6. Technical Considerations and Practical Limitations

Resource requirements scale with latent basis rank $r$ , spatial encoding depth, and temporal embedding resolution. For the full gigapixel video shown in (Wang et al., 8 Nov 2025), significant GPU memory (full-precision) and high-throughput inference pipelines were required to maintain the 30 Hz frame rate.

Potential limitations include:

The need to tune $r$ and embedding dimensions for each spatiotemporal complexity class.
Sensitivity to abrupt, non-smooth, or highly non-stationary temporal events not amenable to low-rank modeling.
The necessity for motion-encoded or otherwise redundant measuring schemes in the event of negligibly evolving samples.

Nonetheless, the framework proves robust across diverse biological, material, and optical platforms and supports extension to full 3D dynamic tomography and extreme spectral regimes.

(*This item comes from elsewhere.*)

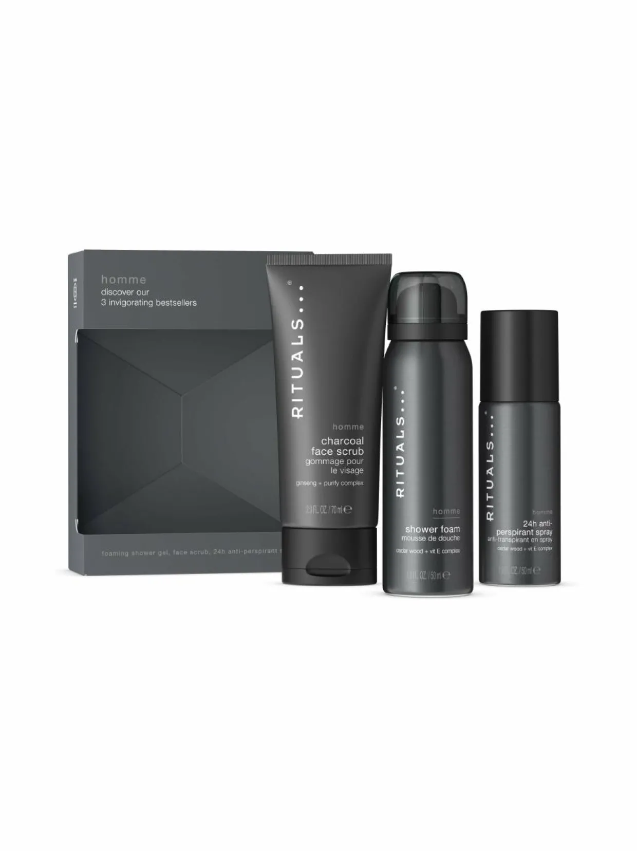 Tuotenumero169833334 ValmistusmaaSaksa VäriNOCOL Koko1 AinesosaluetteloRituals Homme shower foam 50ml: Aqua/Water, Sodium Coco-Sulfate, Sorbitol, Coco-Glucoside, Isopentane, Caprylyl/Capryl Glucoside, Cocamidopropyl Betaine, Isopropyl Palmitate, Parfum/Fragrance, PEG-120 Methyl Glucose Dioleate, Isobutane, Tocopheryl Acetate, Juniperus Virginiana (Cedar) Wood Extract, Tocopherol, Citric Acid, Sodium Benzoate, Sodium Chloride, Glycerin, Guar Hydroxypropyltrimonium Chloride, Citronellol, Limonene, Coumarin. Rituals Homme 24h Anti-Perspirant Spray 50ml: Butane, Propane, Aluminum Chlorohydrate, Isopropyl Palmitate, Isobutane, Dicaprylyl Ether, C12-15 Alkyl Benzoate, Parfum/Fragrance, Octyldodecanol, Cedrus Libani Bark Extract, Tocopheryl Acetate, Ethylhexylglycerin, Tocopherol, Disteardimonium Hectorite, Propylene Carbonate, Aqua/Water, Caprylic/Capric Triglyceride, Citral, Citronellol, Coumarin, Linalool, Limonene. Homme Charcoal Face Scrub 70ml: Aqua/Water, Cetearyl Alcohol, Glycerin, Bambusa Arundinacea Stem Powder, Butyrospermum Parkii (Shea) Butter, Oryza Sativa (Rice) Bran Oil, Palmitic Acid, Stearic Acid, Helianthus Annuus (Sunflower) Seed Oil, Caprylic/Capric Triglyceride, Vitis Vinifera (Grape) Seed Oil, Parfum/Fragrance, Panax Ginseng Root Extract, Charcoal Powder, Sodium Cetearyl Sulfate, Tocopherol, Xanthan Gum, Phytic Acid, Citric Acid, Limonene, Linalool, Citronellol, Caprylyl Glycol, Decylene Glycol, Potassium Sorbate, Phenoxyethanol. AvainsanatRituals, trial set, ihonhoitopakkaus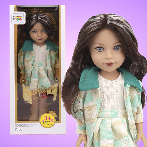 Одетая в модный комплект, который состоит из стильной куртки и кокетливого платья, кукла выглядит невероятно привлекательно. Её наряд выполнен в нежных пастельных тонах с использованием приятных на ощупь тканей, что придаёт ей дополнительную очаровательность. Волосы куклы можно легко расчёсывать и укладывать, создавая разнообразные прически.

7. Summary Table: Key Metrics for Video-Rate Ptychography Implementations

System & Algorithm	SBP (Gigapixels)	Frame Rate (Hz)	Field Size	Spatial Resolution	Reconstruction Latency
Neural-field (dual-MLP) (Wang et al., 8 Nov 2025)	>1	30+	1.5 cm $^2$	308 nm	Real-time (per frame)
Deep Conv. Net (PtychoNN) (Cherukara et al., 2020)	0.1–0.3	>1000*	10–100 $\mu$ m $^2$	60–600 nm	1 ms/frame
Parallel FPM (Zhou et al., 2022)	1	1*	1 mm $^2$	400 nm	5–8 s/frame
Prox. TV (PPTV) (Liu et al., 2023)	0.1–0.5	30–100*	0.25–1 mm $^2$	350–700 nm	10–30 ms/frame*

*Frame rates marked with * refer to throughput assuming ideal hardware scaling or batched inference, as detailed in the respective references.

In summary, video-rate ptychography, as defined by neural space–time field approaches, total-variation-regularized coded geometries, deep convolutional modulators, and optimized physical sensor designs, constitutes a fully practical, extensible strategy for high-throughput, lensless, dynamic complex-field imaging at gigapixel spatial–temporal bandwidths.